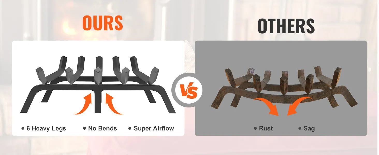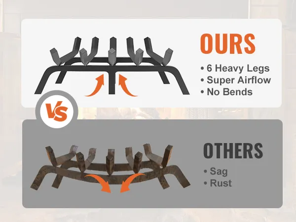 6 Support Legs: This fireplace grate is equipped with 6 supporting legs, evenly distributed across the bottom of the grate, capable of maintaining stability during long-lasting fires without sagging or warping. The sturdy support structure allows you to confidently place a large amount of firewood and maintain the fire.
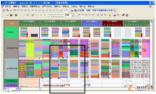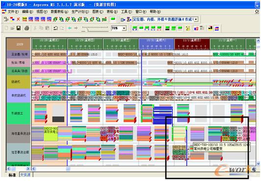 然后,瓶頸資源要求的特殊性和瓶頸資源的動態(tài)變化。模具要求跨工序鎖定,爐資源要求不同作業(yè)時間的工作同進(jìn)同出。這兩類資源的特殊要求,加大了項目實施的難度。通過對所選APS軟件的改進(jìn),通過對資源后設(shè)置的綜合運用,使得項目實施順利進(jìn)行。由于訂單結(jié)構(gòu)的變化(市場不穩(wěn)定性),瓶頸資源會動態(tài)變化。系統(tǒng)所涉及的任何資源,都有可能成為瓶頸。這對每個資源設(shè)定的精準(zhǔn)性提出了更高要求。項目組通過對主要可能瓶頸資源進(jìn)行了詳細(xì)的分析,精確設(shè)置資源滿足動態(tài)約束。
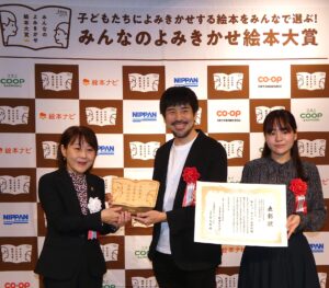 両部門で1位に輝いた大賞には表彰状と記念品として木製トロフィー、副賞として20万円が贈呈された。今後、関連イベントも順次実施予定。全国の書店で受賞絵本のコーナー展開なども予定している。また、同賞は隔年開催となるため、第2回「みんなのよみきかせ絵本大賞」は2027年からエントリーを開始する。
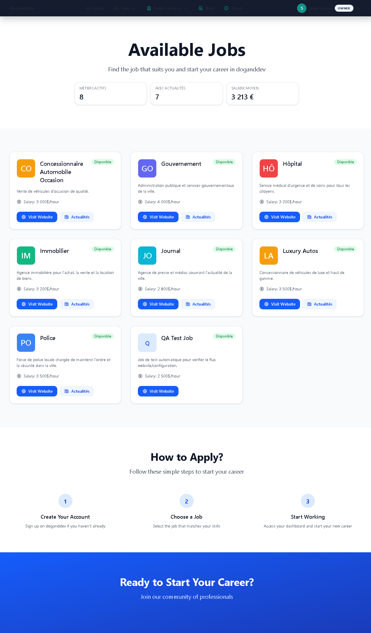 For server administrators: monitor activity and equip police and hospital. For in-game players: browse public city sites. For you: customize with modules (whitelist, logs, ban, businesses, jobs).
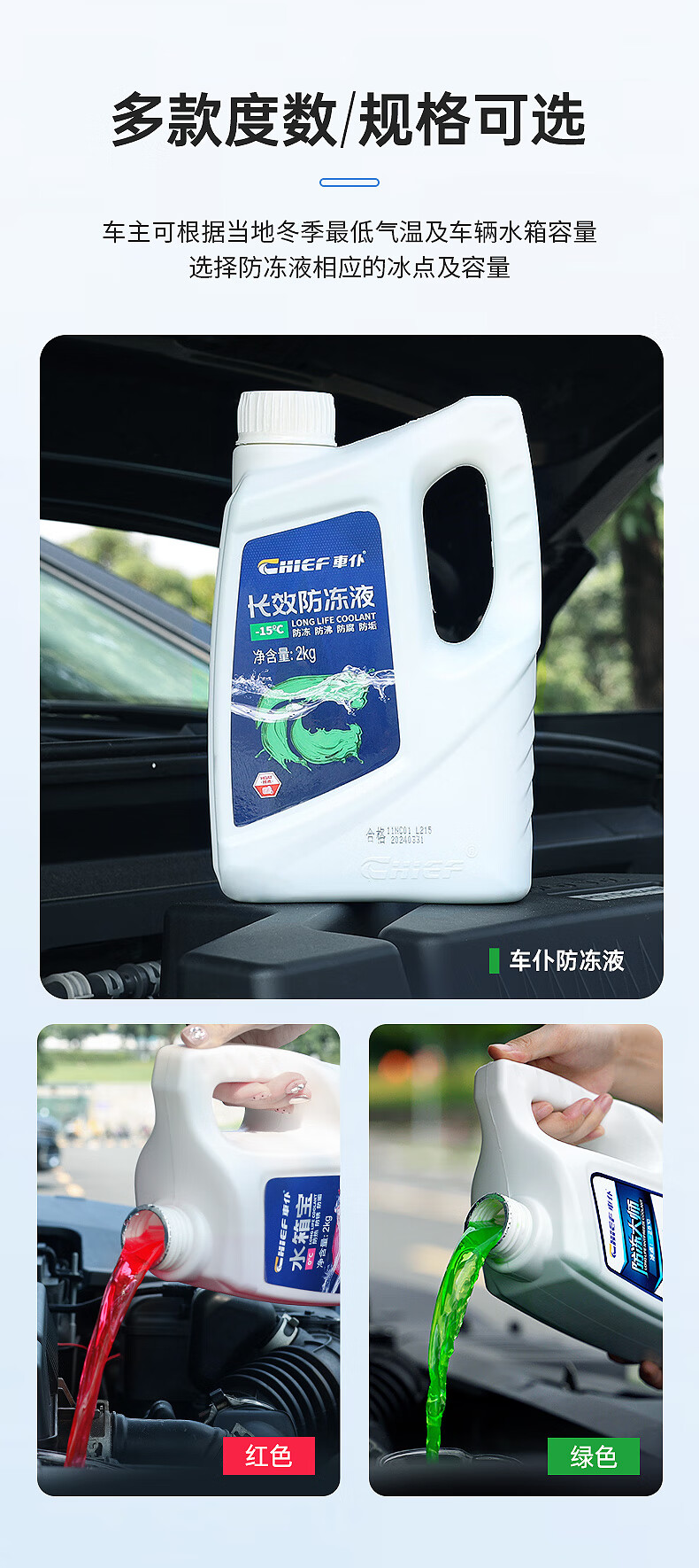 车仆汽车用品防冻液发动机冷却液水箱宝红色绿色冷冻液四季通用宝马 2kg -25℃ 红色 长效防冻液

⁂

> **What needs to be done**
Return every line of the records exactly as given, pictures excluded.

> **Written response**
 6 Support Legs: This fireplace grate is equipped with 6 supporting legs, evenly distributed across the bottom of the grate, capable of maintaining stability during long-lasting fires without sagging or warping. The sturdy support structure allows you to confidently place a large amount of firewood and maintain the fire.
 然后,瓶頸資源要求的特殊性和瓶頸資源的動態(tài)變化。模具要求跨工序鎖定,爐資源要求不同作業(yè)時間的工作同進(jìn)同出。這兩類資源的特殊要求,加大了項目實施的難度。通過對所選APS軟件的改進(jìn),通過對資源后設(shè)置的綜合運用,使得項目實施順利進(jìn)行。由于訂單結(jié)構(gòu)的變化(市場不穩(wěn)定性),瓶頸資源會動態(tài)變化。系統(tǒng)所涉及的任何資源,都有可能成為瓶頸。這對每個資源設(shè)定的精準(zhǔn)性提出了更高要求。項目組通過對主要可能瓶頸資源進(jìn)行了詳細(xì)的分析,精確設(shè)置資源滿足動態(tài)約束。
 両部門で1位に輝いた大賞には表彰状と記念品として木製トロフィー、副賞として20万円が贈呈された。今後、関連イベントも順次実施予定。全国の書店で受賞絵本のコーナー展開なども予定している。また、同賞は隔年開催となるため、第2回「みんなのよみきかせ絵本大賞」は2027年からエントリーを開始する。
 For server administrators: monitor activity and equip police and hospital. For in-game players: browse public city sites. For you: customize with modules (whitelist, logs, ban, businesses, jobs).
 车仆汽车用品防冻液发动机冷却液水箱宝红色绿色冷冻液四季通用宝马 2kg -25℃ 红色 长效防冻液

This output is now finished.